> **Work required**:
Retype, exactly and completely, the listing that comes next, skipping its images.

> **Stored data**:

.....

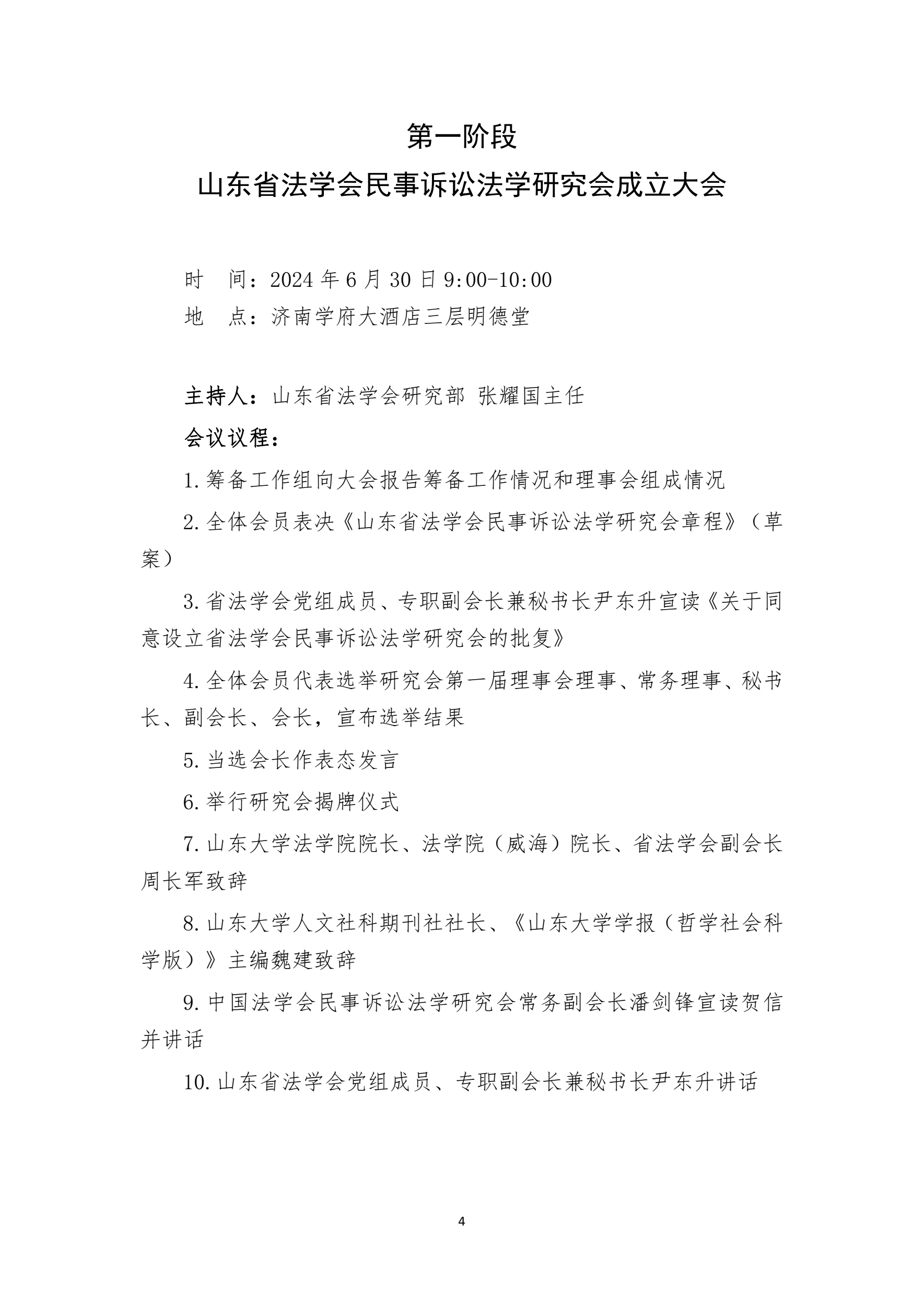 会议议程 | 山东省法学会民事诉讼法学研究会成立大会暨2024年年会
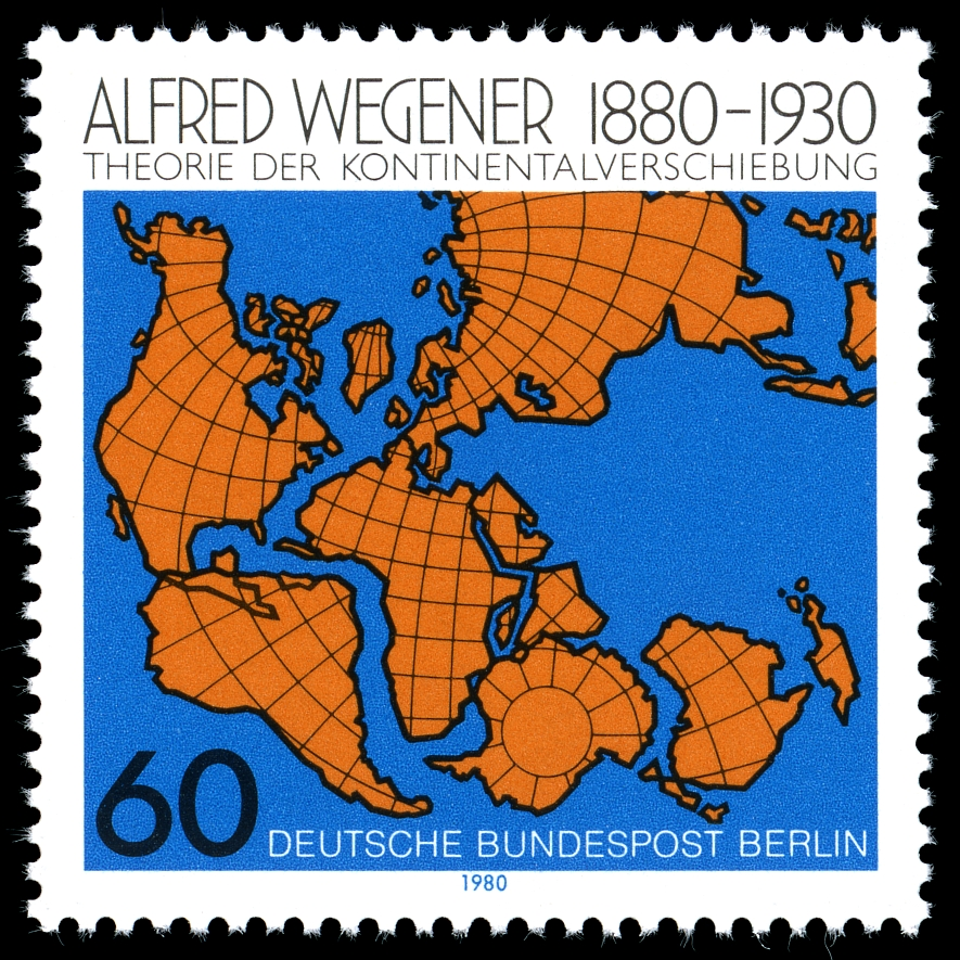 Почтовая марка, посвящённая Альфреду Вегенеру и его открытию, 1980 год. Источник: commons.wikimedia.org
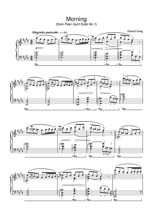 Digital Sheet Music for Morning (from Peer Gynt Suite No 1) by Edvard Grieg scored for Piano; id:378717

.....

> **Written answer**:
 会议议程 | 山东省法学会民事诉讼法学研究会成立大会暨2024年年会
 Почтовая марка, посвящённая Альфреду Вегенеру и его открытию, 1980 год. Источник: commons.wikimedia.org
 Digital Sheet Music for Morning (from Peer Gynt Suite No 1) by Edvard Grieg scored for Piano; id:378717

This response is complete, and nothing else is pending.